前作から半年後の2013年、23歳のしえるがポールダンサーとして活躍しています。ポールダンサー、美しくも大変な仕事だなと思いました。

3.「銀河コロッケ」

『ビッグコミックオリジナル』2023年第18号/2023年9月20日号 p263~284(22p)

銀河コロッケ

最初は2001年の「しし座流星群」の夜ですが、しえるがまだ子供の頃のお話。2014年、今度は「ベルセウル流星群」がきたとき、しえるはポールダンサーとして活躍しています。

4.「Noberry Forest」

『ビッグコミックオリジナル』2023年11月増刊号/2023年11月12日号 p187~208(22p) 

Noberry Forest

2014年のお話。しえるは仕事で起きた出来事がきっかけで過去を思い起こし落ち込みますが、のえるが支えています。

5.「ここは彼方のはじまり」

『ビッグコミックオリジナル』2024年第3号 2024年2月5日号 p243~272(30p) 

ここは彼方のはじまり

2016年。
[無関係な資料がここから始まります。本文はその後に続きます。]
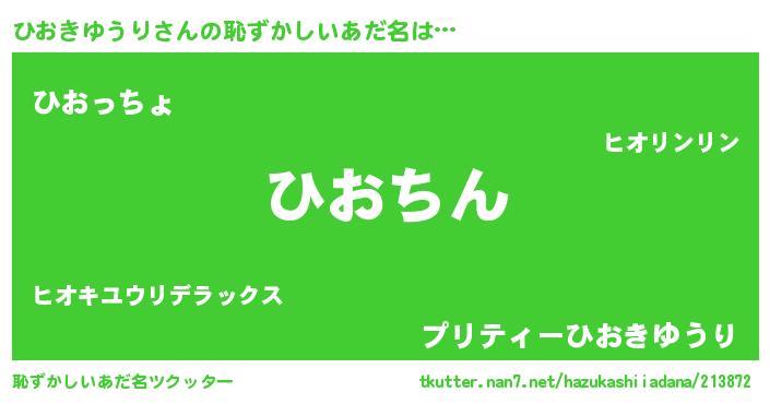 | 男性向けラノベタイトル風あだ名 | 『ひおきゆうり~年齢イコール彼女いない歴の魔法使い~』 |

二人が一緒にこれまで暮らしていたのとは別の部屋へ引越をする直前のお話。小学校のときの同級生男子と偶然再会することで、しえるはまた過去を思い出す。その話を聞いたのえるが実家に帰り、そして2001年からの世界の事件を遡っていく。これは被害の連鎖のお話でもあります。

6.「Love & Peace Piece」

『ビッグコミックオリジナル』2024年3月増刊号 2024年3月12日 p223~246(24p) 

Love & Peace Piece

2016年。二人が新居に引っ越した直後のお話。しえるの芸名がなぜ「ソワレ」なのかわかります。2017年のお正月を最後に物語は終わりを告げます。

二人は1990年の生まれだと思うので、2024年なら34歳です。おそらくまだ二人は一緒に暮らしています。二人に色恋の話が出てこないのもこの物語のいいところだなと思います。148ページなので単行本1冊分には若干足りないのかもしれませんが、出来ない話ではないですよね。単行本化よろしくお願いします。